= MATERIAL PROVIDED =
++++

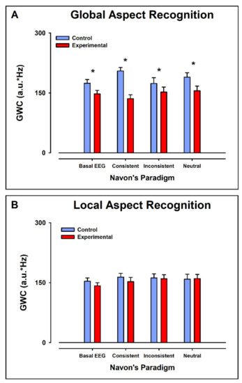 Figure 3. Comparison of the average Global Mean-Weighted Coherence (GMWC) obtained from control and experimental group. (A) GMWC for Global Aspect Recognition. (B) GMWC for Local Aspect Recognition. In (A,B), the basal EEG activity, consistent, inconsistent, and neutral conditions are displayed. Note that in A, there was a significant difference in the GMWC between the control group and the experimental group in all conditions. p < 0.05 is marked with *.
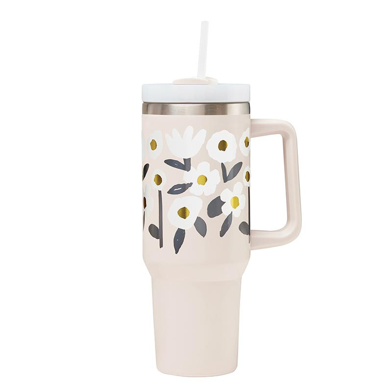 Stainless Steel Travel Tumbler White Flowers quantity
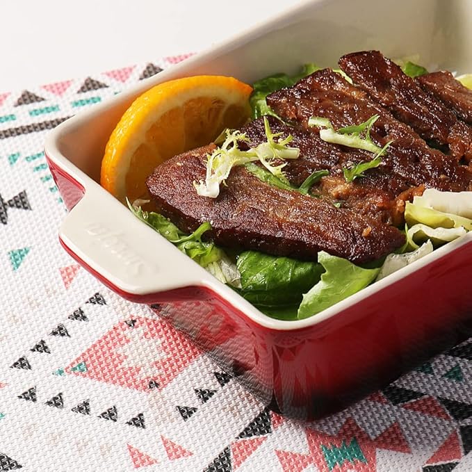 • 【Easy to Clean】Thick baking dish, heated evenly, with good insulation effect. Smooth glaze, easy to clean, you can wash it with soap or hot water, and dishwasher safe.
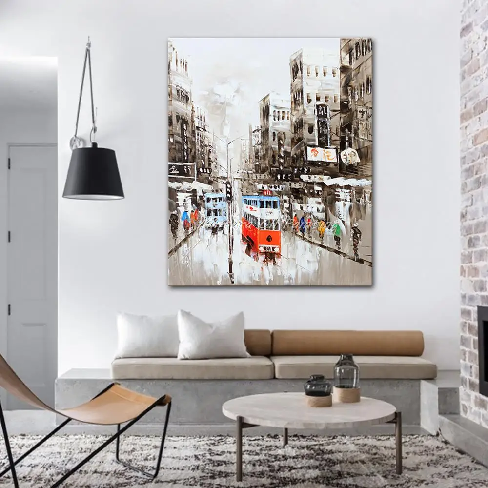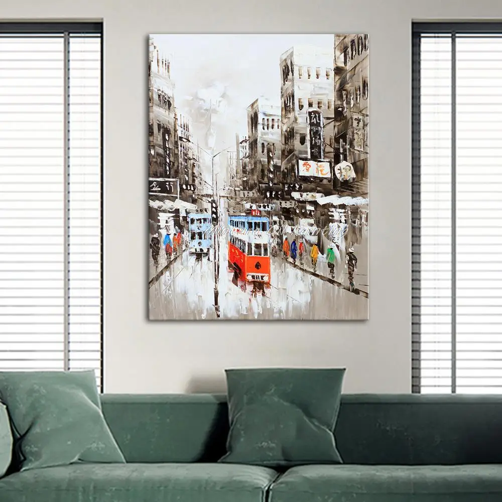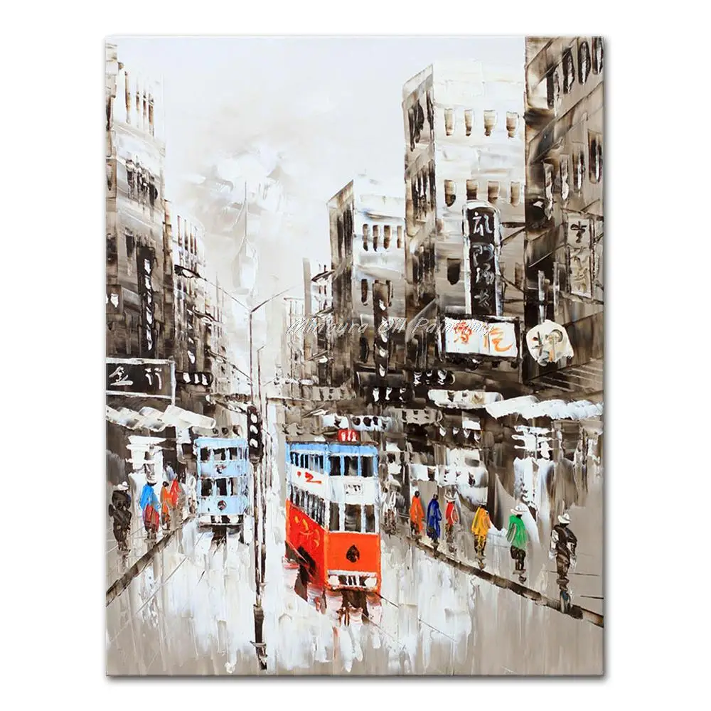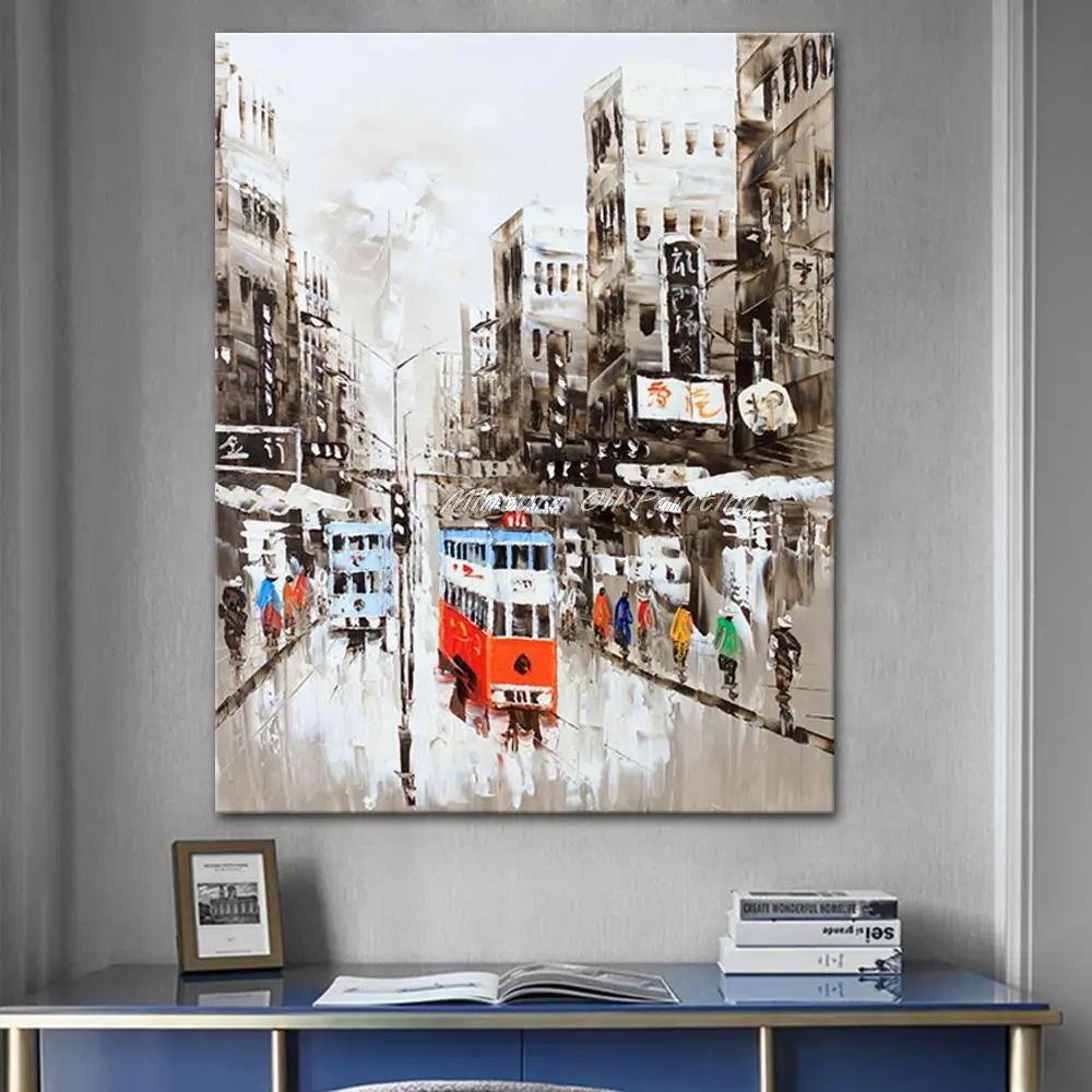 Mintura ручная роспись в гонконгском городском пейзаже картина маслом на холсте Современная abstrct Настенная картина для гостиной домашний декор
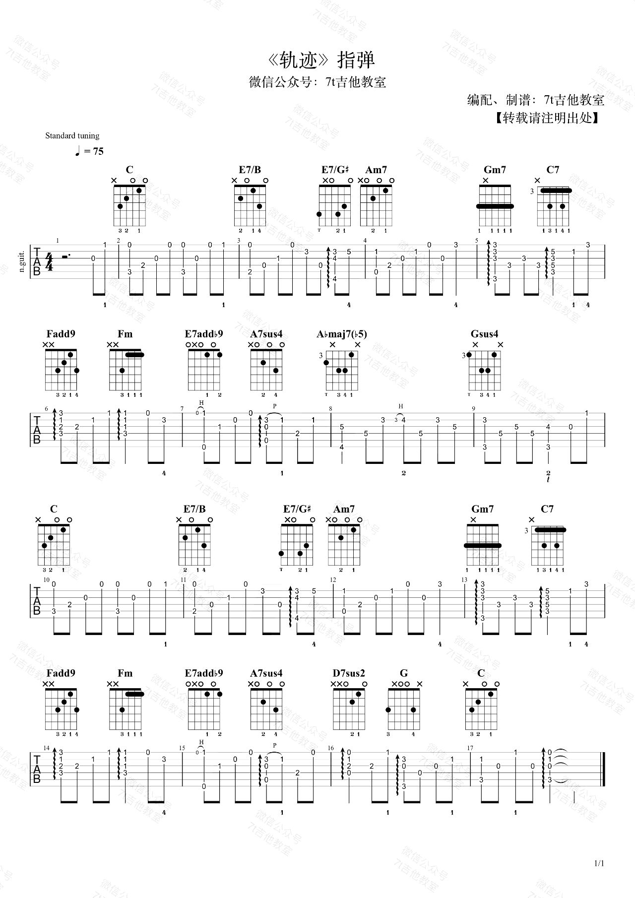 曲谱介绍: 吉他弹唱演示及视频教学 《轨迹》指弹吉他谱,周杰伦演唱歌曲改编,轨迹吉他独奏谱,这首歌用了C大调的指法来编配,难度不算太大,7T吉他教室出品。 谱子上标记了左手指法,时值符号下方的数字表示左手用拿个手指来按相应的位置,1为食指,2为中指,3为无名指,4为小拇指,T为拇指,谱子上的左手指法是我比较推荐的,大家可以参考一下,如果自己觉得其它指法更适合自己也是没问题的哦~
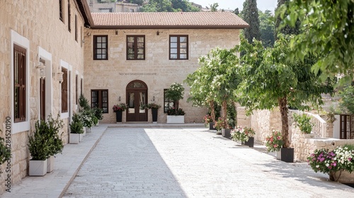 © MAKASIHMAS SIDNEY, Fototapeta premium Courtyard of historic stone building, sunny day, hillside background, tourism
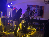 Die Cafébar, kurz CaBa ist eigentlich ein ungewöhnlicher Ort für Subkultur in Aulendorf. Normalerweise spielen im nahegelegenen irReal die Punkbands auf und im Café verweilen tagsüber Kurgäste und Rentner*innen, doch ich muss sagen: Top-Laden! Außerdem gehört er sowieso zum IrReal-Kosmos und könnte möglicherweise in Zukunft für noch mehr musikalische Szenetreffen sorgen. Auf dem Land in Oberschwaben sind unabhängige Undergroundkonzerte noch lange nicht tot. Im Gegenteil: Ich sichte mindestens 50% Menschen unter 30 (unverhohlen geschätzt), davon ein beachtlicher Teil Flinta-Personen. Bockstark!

++++

= EXERCISE REQUIREMENTS =
Beginning with the line that holds "Mintura ручная роспись", extract every line to the end of the material, exactly as it stands, and drop the pictures.

= YOUR SOLUTION =
 Mintura ручная роспись в гонконгском городском пейзаже картина маслом на холсте Современная abstrct Настенная картина для гостиной домашний декор
 曲谱介绍: 吉他弹唱演示及视频教学 《轨迹》指弹吉他谱,周杰伦演唱歌曲改编,轨迹吉他独奏谱,这首歌用了C大调的指法来编配,难度不算太大,7T吉他教室出品。 谱子上标记了左手指法,时值符号下方的数字表示左手用拿个手指来按相应的位置,1为食指,2为中指,3为无名指,4为小拇指,T为拇指,谱子上的左手指法是我比较推荐的,大家可以参考一下,如果自己觉得其它指法更适合自己也是没问题的哦~
 © MAKASIHMAS SIDNEY, Fototapeta premium Courtyard of historic stone building, sunny day, hillside background, tourism
 Die Cafébar, kurz CaBa ist eigentlich ein ungewöhnlicher Ort für Subkultur in Aulendorf. Normalerweise spielen im nahegelegenen irReal die Punkbands auf und im Café verweilen tagsüber Kurgäste und Rentner*innen, doch ich muss sagen: Top-Laden! Außerdem gehört er sowieso zum IrReal-Kosmos und könnte möglicherweise in Zukunft für noch mehr musikalische Szenetreffen sorgen. Auf dem Land in Oberschwaben sind unabhängige Undergroundkonzerte noch lange nicht tot. Im Gegenteil: Ich sichte mindestens 50% Menschen unter 30 (unverhohlen geschätzt), davon ein beachtlicher Teil Flinta-Personen. Bockstark!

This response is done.